Indian casinos set new revenue record, topping $28.13 billion

26 March 2014

By Howard Stutz

Three years after the nation’s Indian casino industry experienced its only annual gaming revenue decline in the 24 years since figures have been kept, the market is on an upswing.

For the second straight year, Indian casinos nationwide combined for a new annual gaming revenue record, topping $28.13 billion in 2012.

The 2 percent increase was a lower percentage jump than in 2011 when Indian casinos nationwide grew revenues 3.4 percent, to $27.59 billion. That’s a cause for concern, said California economist Alan Meister, who compiles the figures for Casino City’s annual Indian Gaming Industry Report.

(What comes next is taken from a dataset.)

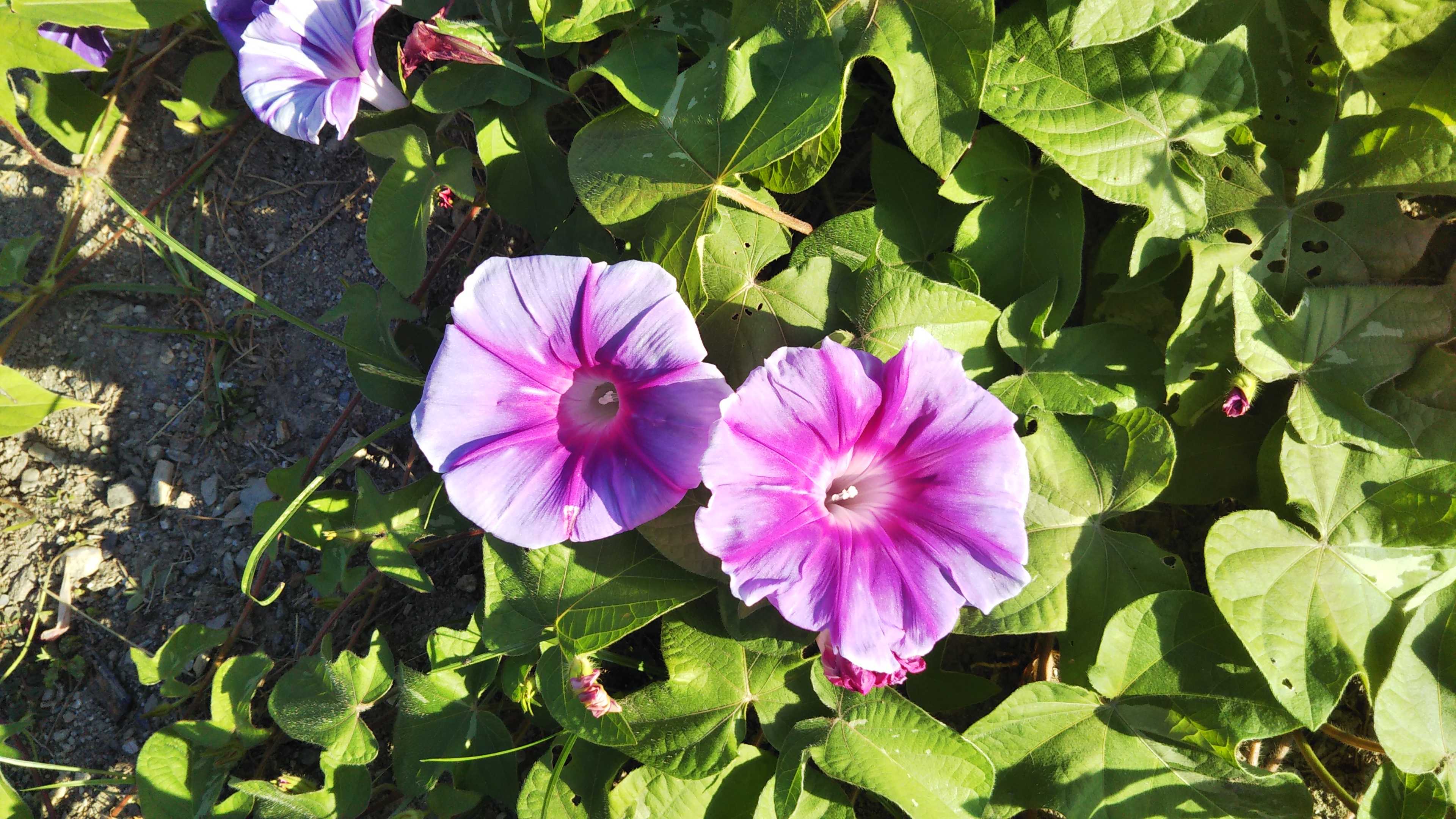 内田さんの 自転車 ない 調子 悪いの😭⤵️⤵️ 昭和町回り  公園に 帰ったら ○○さんと 会い アサガオの花が キレイと 写真? スマホ 忘れたと (笑) ラジオ体操の帰り 教えて貰った所で パチリ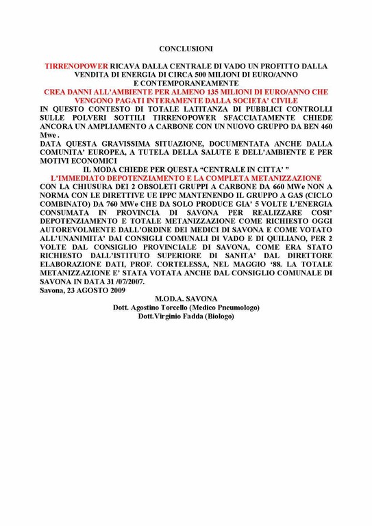 Ribadiamo quindi ancora quanto già da anni richiesto urgentemente dalla commissione scientifica di spotorno e più di recente dall’ordine dei medici della provincia di savona nonchè da molte associazioni e comitati del territorio depotenziamento e completa metanizzazione questa centrale in città".

“It was the third straight year of positive growth, which is a movement in the right direction,” Meister said. “But it reflected the slower growth of the economy.”

It takes a year for Meister to get the revenue figures from the 28 states with Indian casinos. Tribal casinos don’t publicly release monthly gaming revenue totals like Nevada and other states with commercial casinos. The report is being released today through Casino City.

Meister said Indian casinos — which traditionally recorded double-digit percentage revenue increases annually until 2007 — grew at a slower pace than the commercial casino industry (4 percent in 2012) and the race track casino market (8 percent in 2012).

In the report, Meister writes that it has been 18 years since commercial casinos had a higher annual growth rate than the Indian casino segment.

He said the trend could have been the result of increased gaming opportunities in several states that year.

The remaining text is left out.